La Cour de Srinagar a publié des avis juridiques au créateur de mode Shivan & Narresh, rédacteur en chef d’El India, et au modèle sans nom sur les allégations indécentes, le sentiment religieux pendant le Ramadan et la consommation publique d’alcool lors de défilés de mode Galmarg.
La controverse est survenue après qu’un événement de mode de ski a eu lieu le 7 mars dans la prairie enneigée de Gulmarg, marquant le 15e anniversaire de la marque de créateurs basée à Delhi. Le pétitionnaire a intenté une action en justice en vertu de Bharatiya Naya Sanhita (BNS) de la loi et des articles 296 et 299 des articles 50-A du Cachemire et du Cachemire.
Avant de procéder à l’affaire, le tribunal a demandé une réponse du défendeur, comme l’exige l’article 223 (1) du BNSS 2023. Ce numéro sera examiné le 8 avril.
Le défilé de mode a suscité de nombreuses critiques des cercles publics et politiques. Cette question a également été soulevée lors des rassemblements du Jammu-et-Cachemire.
« Nous avons déjà commencé les enquêtes.
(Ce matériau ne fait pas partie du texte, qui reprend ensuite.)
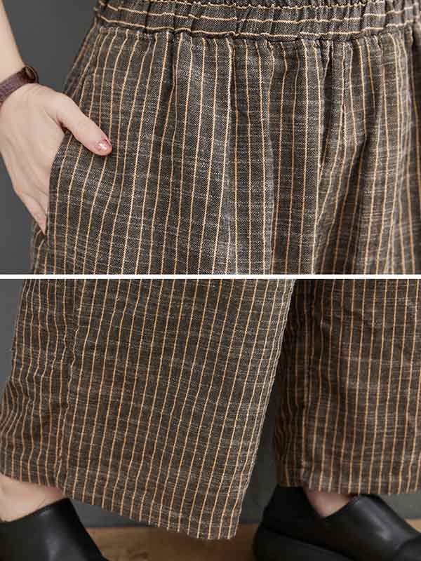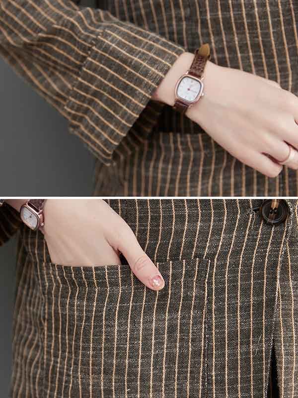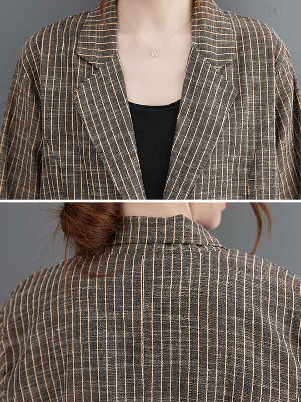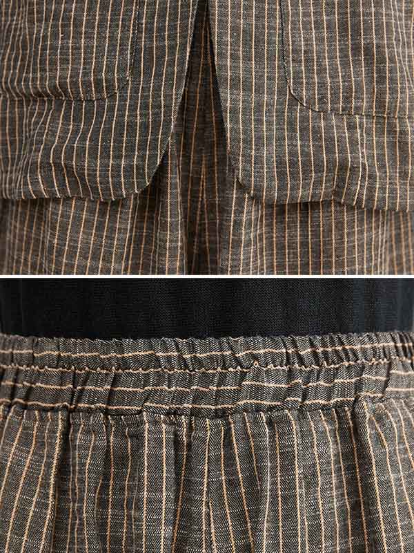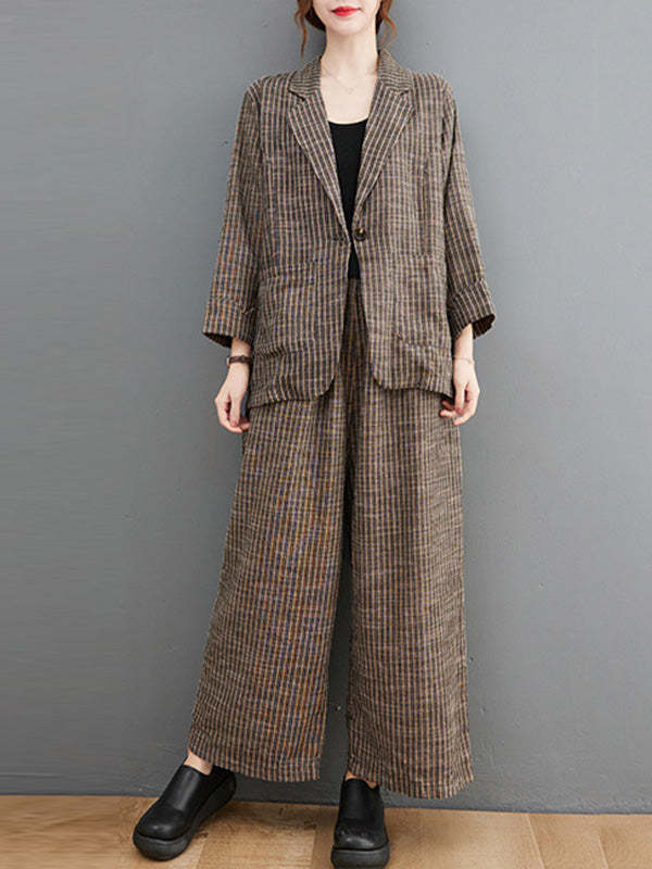 Vintage Ramie Cotton Notched Collar One Button Suits+Column Pants 2 Pieces Set

Cependant, les conclusions initiales montrent qu’il s’agit d’un événement privé de quatre jours qui s’est tenu dans un hôtel privé de Gulmarg », a déclaré le Premier ministre Omar Abdullah à Congress. « Le défilé de mode a eu lieu le 7 mars, et certains aspects de cela ont évidemment nui aux sentiments des gens. »
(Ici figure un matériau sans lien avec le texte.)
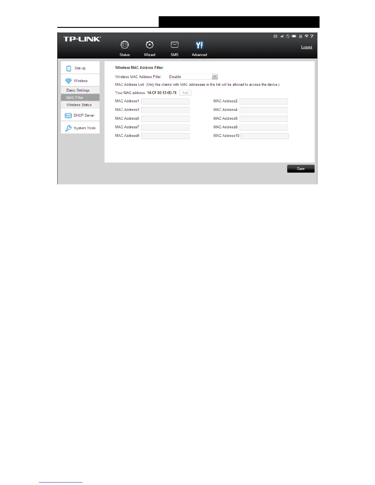 Wireless MAC Address Filter: Select to Enable or Disable the MAC filter function of the

S’exprimant après près de 30 minutes d’heures de questionnement confondues par le défilé de mode et le récent meurtre de trois civils dans la région de Katua, Abdullah a reconnu que les préoccupations soulevées par les membres étaient valides.
Cependant, le chef de l’opposition Sunil Sharma, un haut responsable du BJP, a critiqué Abdullah et l’a accusé d’avoir fait semblant d’être ignorant de l’incident, malgré sa détention dans un hôtel appartenant à ses proches.
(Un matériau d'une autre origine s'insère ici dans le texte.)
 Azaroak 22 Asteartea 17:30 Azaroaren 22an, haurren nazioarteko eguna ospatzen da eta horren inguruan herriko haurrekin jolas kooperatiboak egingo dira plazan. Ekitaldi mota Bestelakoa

Le spectacle a déclenché une réponse nette et les chefs religieux l’ont dénoncé pour leur minimiser les traditions locales, en particulier pendant le Ramadan.
Le chef de Hurriyat, Mirwaiz Umar Farooq, a également critiqué l’incident, l’appelant une honte de la culture et des valeurs religieuses du Cachemire.
L’Association des agents de voyage du Cachemire (TAAK) s’est également fortement opposée, expliquant que le spectacle ignore les coutumes et les croyances locales. Ils ont appelé à une enquête approfondie et liée au temps sur ce qu’on appelle un défilé de mode « semi-nu ».
« La vue du moindre modèle de vêtements et de la consommation ouverte d’alcool à Gulmarg a profondément nui aux sentiments religieux et culturels de la population locale, a indiqué l’association dans un communiqué.